Games like World of Warcraft give players the means to save worlds, and incentive to learn the habits of heroes. What if we could harness this gamer power to solve real-world problems? Jane McGonigal says we can, and explains how.
This was such a popular TED talk back in 2011. We can now say that gamers didn’t save shit. It’s been quite the opposite.
In the past decade games became *extremely* good at making you play more. It’s a mix of mobile-first influence, gambling tendencies and time available that propelled millions of folks to play for hundreds, thousands of hours. Game studios had big incentives to retain players and worked tirelessly to do so.
The thing is that I didn’t play much. I read a million books about the real world though. Through them I reshaped my understanding of many things without realizing it. I acquired different perspectives.

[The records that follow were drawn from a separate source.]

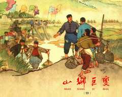 从《山乡巨变》这个作品来看,作者在形式风格的探索上,已有了门径。无论在线条的运用、构图布局的处理都予人清晰明快、干净利落、面目焕然一新的总感觉。在线条的运用上,作者曾经下过一番苦功,像《清明上河图》等一些优秀作品是放在案头经常细细揣摩的。山石的表现上,尽量采用了明、清版画中的皴法,对各种树木的描绘,一方面借鉴了传统的对树的枝干和各种夹叶的勾描,又考虑连环画篇幅多,在表现上要有概括地要求写实的特点,而有所去取。在大的景色和气氛渲染上,作者同样用各种线的组织,结合构图章法,处理得疏密相间、层次分明。在第84、112这两幅中,作者运用线的组织,还表现了晨曦朝雾、夕阳斜照那种轻纱似的空气感,为画中人和读者都带来了清醒爽朗的气息,达到了写人、写事、写情又写景的境界。对于人物的勾描虽略逊于景的描绘,但也做到了写形写神的要求,譬如对于人物面部的刻划,作者虚心的学习了《铁道游击队》作者对人物面部表现的长处,达到较好的效果。整个作品的构图处理上,比较多的采用中国传统绘画中高远的章法,从平易中求变化,减少和避免了画面支离破碎和人物形象不完整的缺陷。据作者自己说,这样处理在创作上要吃力些,但可以更多的来表现画面中的内容,并且也可能更适合于我国读者、特别是连环画读者的欣赏习惯。我认为这是有道理的。从作品来看,近景、特写、低视线少了后,画面给人的效果是完整全面丰富、层次明快、交待清楚,并且由于人物刻划的成功、主题集中突出,加上构图角度上的调节,画面也没有什么单调枯燥的感觉。
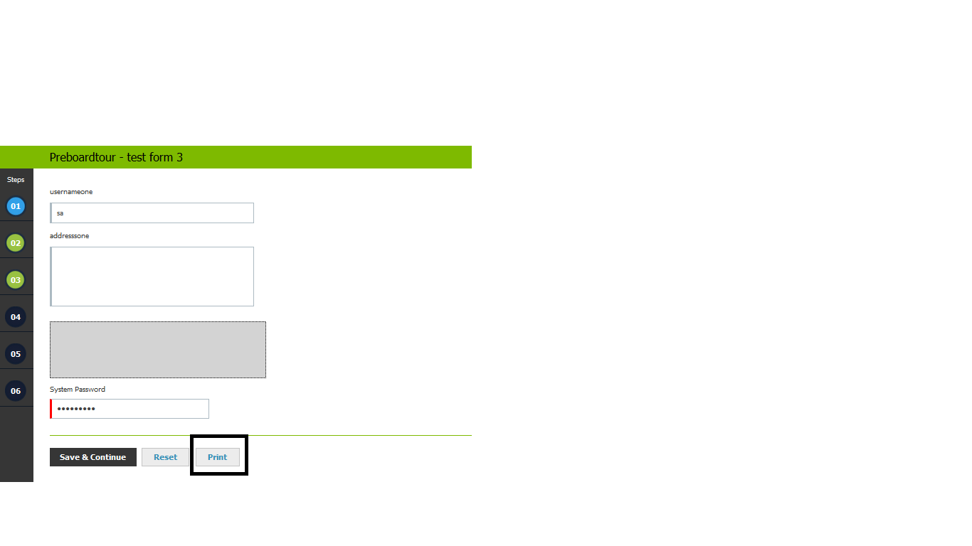 WT-1228 Ability to Print Form : All form elements are not visible in print output.
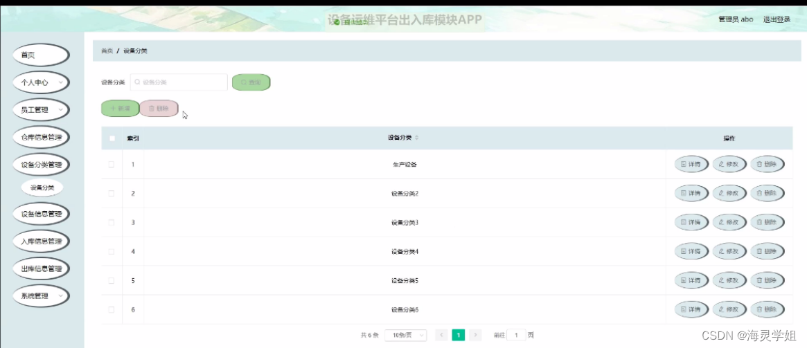 设备分类管理,管理员可在设备分类管理页面进行查询、新增、修改或删除等操作,如图5-12所示。
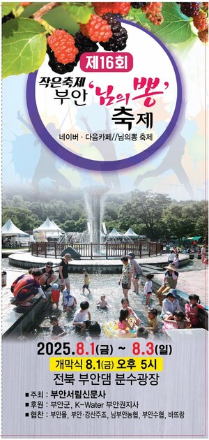 부안군 농업기술센터(소장 정혜란)는 부안의 특산품인 오디의 우수성을 널리 홍보하여 농가 소득 증대에 기여하고자 제16회 부안 님의 뽕 축제를 오는 8월1일 부터 3일까지 3일간 부안댐 분수광장에서 개최한다.부안서림신문사가 주최하고 부안군과 K워터 부안권지사가 후원하는 이번 축제는 부안을 찾은 관광객들에게 부안에서 생산되는 뽕 관련 제품의 전시·판매는 물론 각종 체험 프로그램을 운영해 보고 즐기는 축제로 뽕과 누에를 중심으로 한 부안 농산물을 전시·판매할 예정이다.오디주스 빨리 마시기 대회, 오디 나르기 릴레이, 얼음 속 뽕주 찾기,
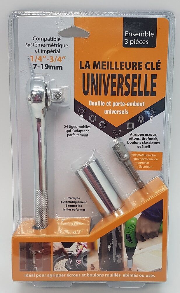 Venteo - Clé à Douille Universelle - Permet de visser et dévisser tous types de vis/boulon - S'adapte facilement et rapidement
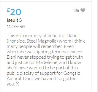 This is in memory of beautiful Dani (Ironside, Steel Magnolia) whom I think many people will remember. Even when she was fighting terminal cancer Dani never stopped trying to get truth and justice for Madeleine, and I know she'd have wanted to be part of this public display of support for Gonçalo Amaral. Dani, we haven't forgotten you. X
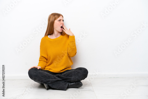 Young redhead woman sitting on the floor isolated on white background yawning and covering wide open mouth with hand
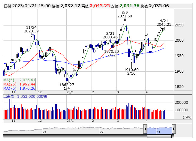 2023年04月21日15時17分 【市況】TOPIX先物:21日清算値=4.5ポイント安、2034ポイント TOPIX <日足> 「株探」多機能チャートより 21日15時15分、TOPIX先物期近2023年6月限は前日清算値比4.5ポイント安の2034ポイントで取引を終えた。出来高は4万3465枚だった。この日のTOPIXの現物終値2035.06ポイントに対しては1.06ポイント安。 株探ニュース
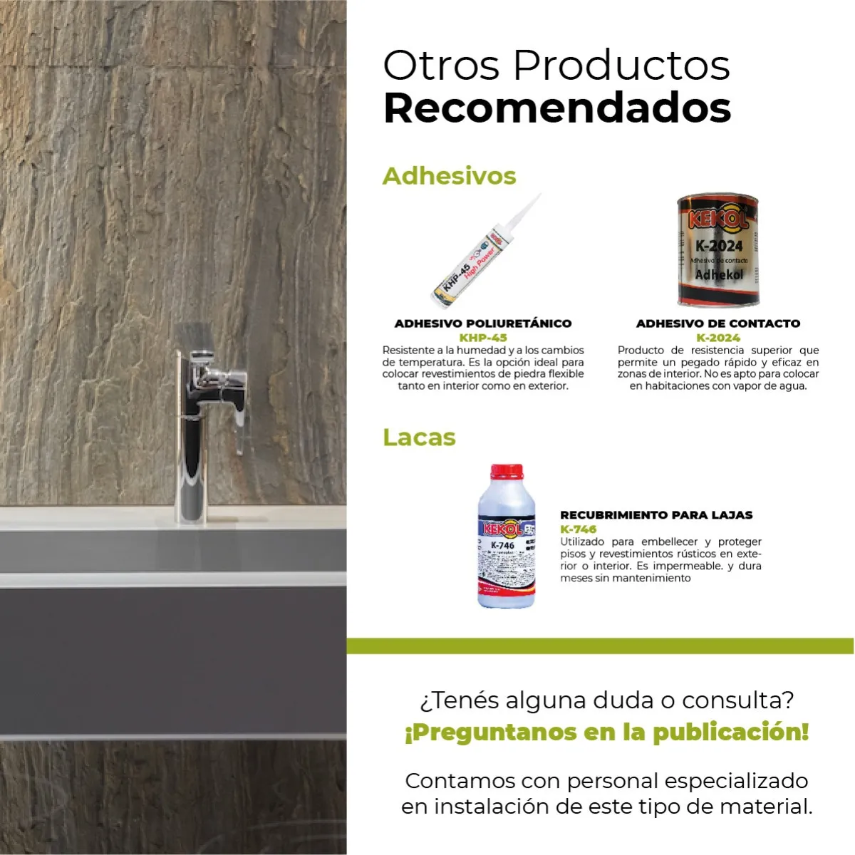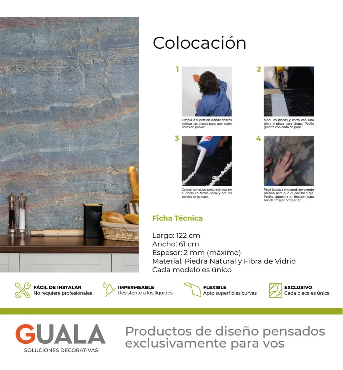 Es un revestimiento de PIEDRA REAL natural flexible. La combinación perfecta entre naturaleza y tecnología resulta en este material único que tiene la belleza y resistencia de la piedra en una lámina cubierta por una base de fibra de vidrio y resina poliéster que le dan flexibilidad, además de fuerza, al mismo tiempo que se mantiene súper liviano.
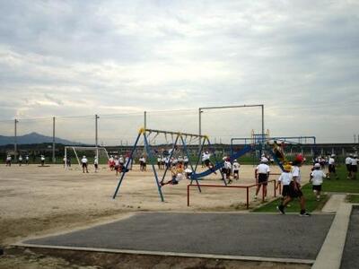雨が上がった運動場で今日は3年生がかけっこをしていました。運動会では去年までより20M長い100Mを走ります
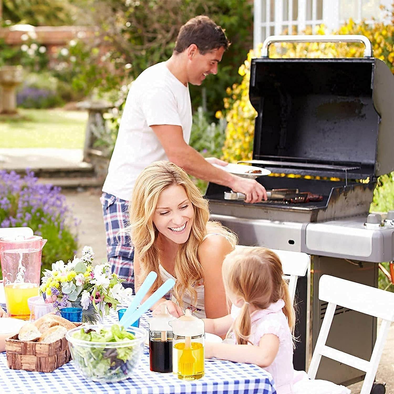The oil bottle has a small spout to pour oil, you can press brush top to speed up the oil stream or you can use the top silicone brush to evenly coat your food.
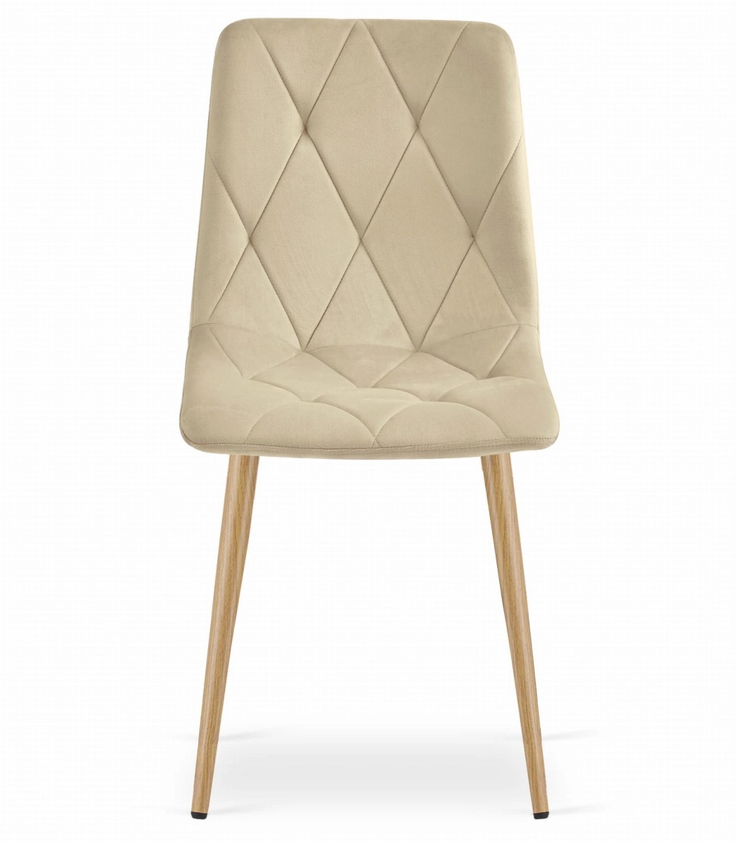 Tato béžová sametová židle kombinuje komfort a moderní vzhled. Měkké čalounění se sametovým efektem je příjemné na dotek, zatímco kosočtvercové prošívání dodává luxusní charakter. Díky ergonomicky tvarovanému opěráku poskytuje pohodlnou oporu zad při každodenním používání v jídelně i obývacím pokoji.

Time kind of being the only real currency, if you spend time playing, you’re not reading about the world. It doesn’t matter that you can watch a condensed version of a book on YouTube. You won’t absorb knowledge the way the book will make you to.
The past months have shown me how much reading is necessary for 99% of y’all out there. Reading about who actually built things. Reading about what women actually have to deal with. Reading about what Black women actually have and have had to deal with. What it takes to build sustainable buildings. The fascinating and complicated world of intersections. How the economy actually works. It’s endless.
There’s so much to learn and people just go press X rapidly in the 15th iteration of a game they’ve already played a billion times. I know! It sounds like I’m overreacting.
But then Black people die for no reason over and over and over and over while white folks are like “that’s bizarre that you guys are upset like that” and this is where I feel like games didn’t fucking help at all. I know the feeling. You start the game. The feel-good loops happen. Your brain is satisfied. It’s been 5 hours since you started playing and outside of some mildly interesting banter with your friends online, your brain is numb.
Read books about the real and social world, people. Be curious about it. Be excited to fix it.